In Karlo, et al. v. Pittsburgh Glass Works, LLC (no. 15-3435; filed January 10, 2017), the Third Circuit Court of Appeals ruled that plaintiffs in an ADEA disparate impact claim can make out a prima facie case by showing that certain age subgroups within the protected class were treated differently from other subgroups within that same class.  Put another way, an employer cannot simply lump all those employees over the age of 40 into one pot when measuring discriminatory conduct.

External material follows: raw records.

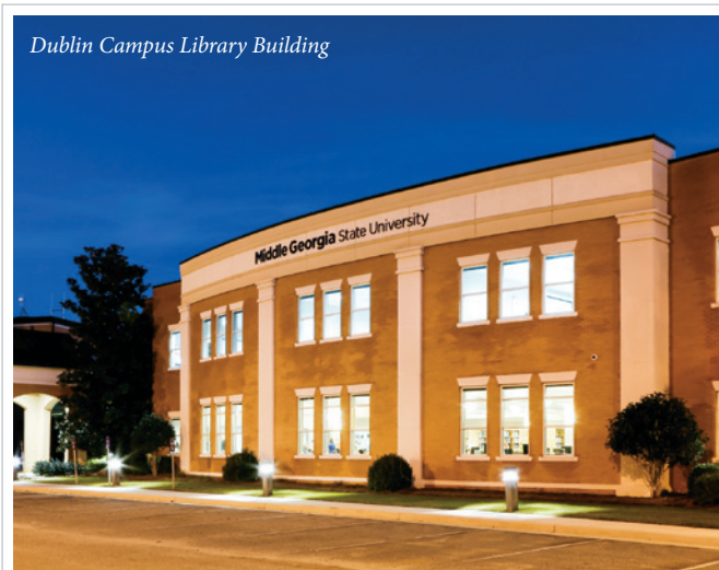
Dublin Campus Library Building
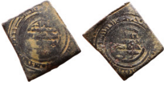
1618 Islamic Period - Weight 19mm 3,72g
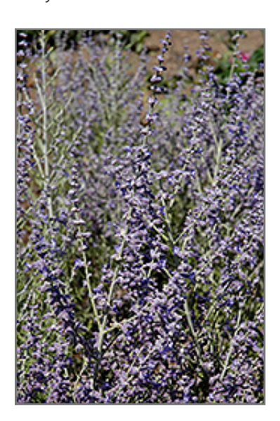
Peek-A-Blue Russian Sage flowers

Peek-A-Blue Russian Sage is recommended for the following landscape applications;
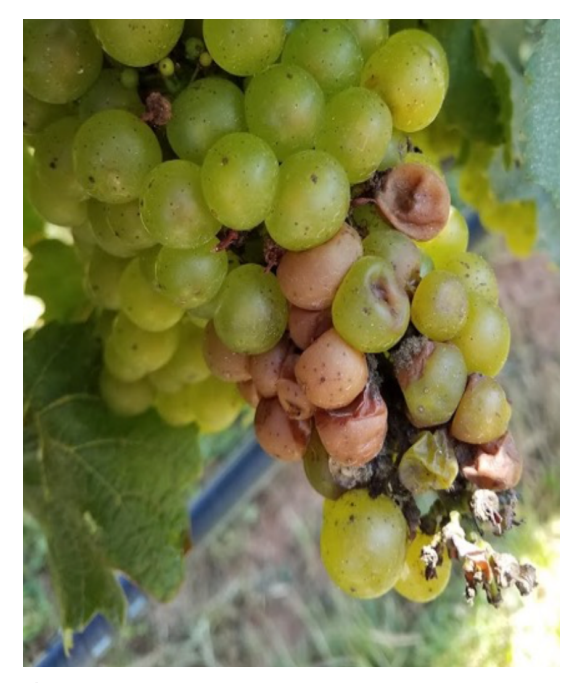
Figure 5. Sour rot symptoms on 'Chardonnay'. Sour rot can manifest as browned berries with no fungal infections (left), but the vinegar smell is diagnostic of this rot complex.
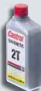
Two stroke oil 125 ml
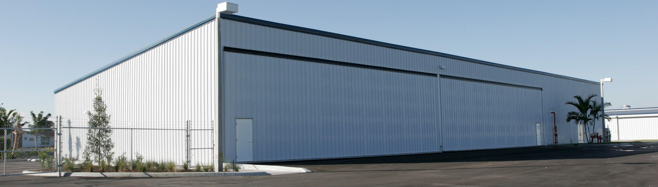
Broward College of Aviation Institute Specialty Build / 12,000 sq. ft,
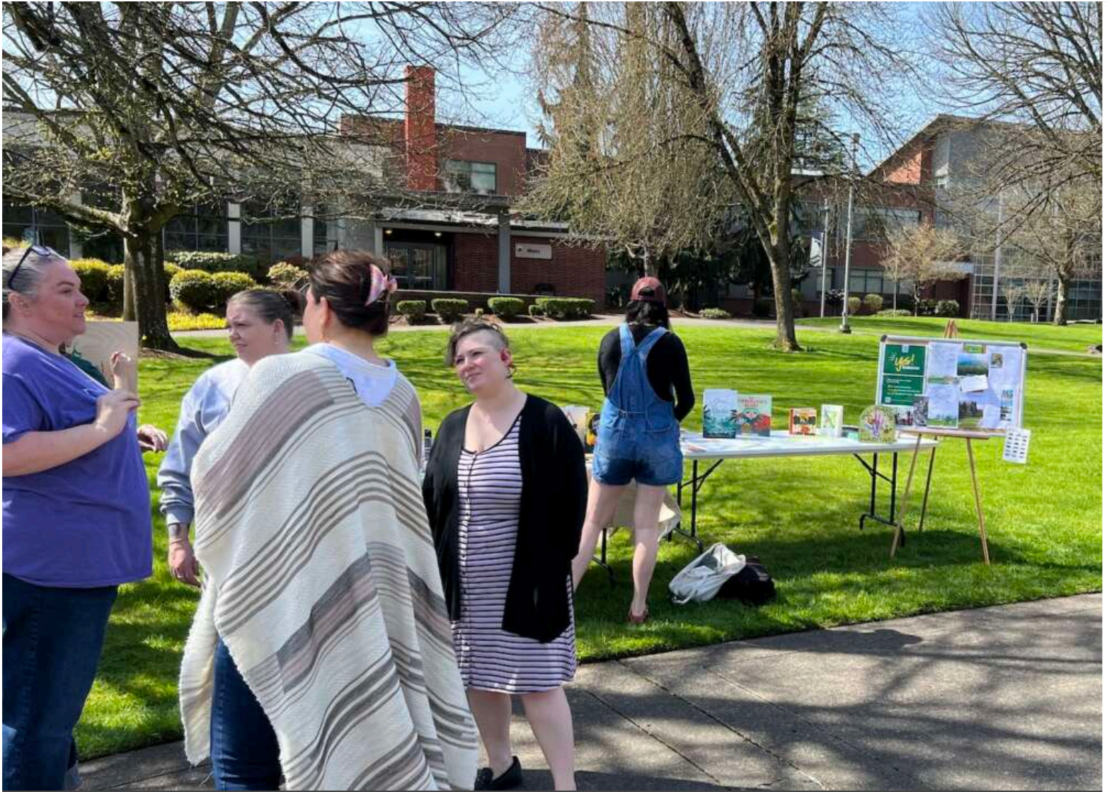
Earth Week (April 2023) on campus - Bee Campus information (and Arbor Day, too).
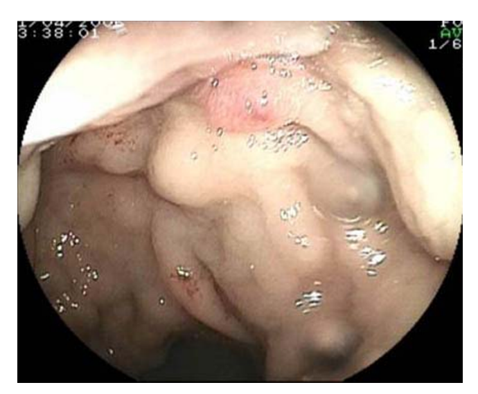
Figure I Endoscopic view of the rectum showing rectal varices, one of which demonstrates a red wheal consistent with recent bleeding.

As most readers of this blog probably know, the Age Discrimination in Employment Act proscribes, in its broadest sense, discrimination against employees aged 40 and older.  In Karla, a group of employees aged 50 and over sued, claiming that the company’s reductions in force disparately impacted them.  The nuance is that that the employer claimed that retaining workers over 40, but younger than the plaintiffs, would wash out any disparate impact.  The Third Circuit disagreed and ruled that the ADEA protects individual workers against age discrimination, not merely a general class of workers over the age of forty.  The Court allowed the claims to proceed based on the theory that plaintiffs could show disparate impact among subgroups of those workers over 40.  In this case, plaintiffs claimed that employer RIFs impacted workers over the age of 50 differently than those workers over the age of 40, notwithstanding the fact that all the workers fell under the ADEA’s protections.

The Third Circuit noted that its opinion contrasted with those from the Second, Sixth and Eighth circuits, so this is probably not the last word on the matter.